In my first year of college (circa September 1999), I was sitting in a circle at Bible Study talking about favorite movies. I kicked it off and said Groundhog Day. I talked about how it teaches contentment when the main character was forced to live the same day over and over. To move forward it wasn't his external circumstances that changed, it was his attitude toward where he was placed. After I got done explaining, heads were nodding, although I had felt silly for getting deep with my answer when everyone else said movies like Tommy Boy.
I've been in lots of places where I've wanted the circumstances to change. Maybe even wanted to have a day (or 99) to do over again.
I graduated with an undergraduate degree and couldn't find a job; soon I was let go from a temp job where I opened up rebate envelopes with pop bottle caps in them.

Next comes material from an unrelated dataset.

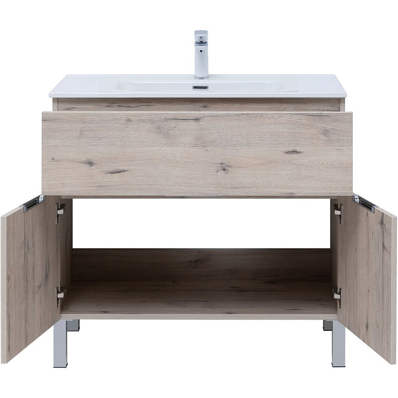 Тумба под раковину Aquanet Алвита New 90 1 ящик, 2 дверцы, дуб веллингтон белый

I've built a new construction home thinking I'd never pay rent again. In 10 months, I was unexpectedly paying rent elsewhere.
I've been told 'I Do' until a change of mind 6 years later when I was told 'I Don't' anymore.
I moved away from Mankato thinking it was permanent and excitedly became a Mankato resident again within a year.
Some things I chose, some I was a part of, and some were choices made for me. As I think of making decisions now, I think of them as a step towards my passions... and so much less about where I should be or what I should be doing for the rest of my life.
When we come to a fork in the road and have to make what seems like a big decision, we can give ourselves a lot more grace.
Life changes. Life is messy. By choice or by force, I'm happy now.
Worrying about tomorrow will steal the only time you're guaranteed to have: the present.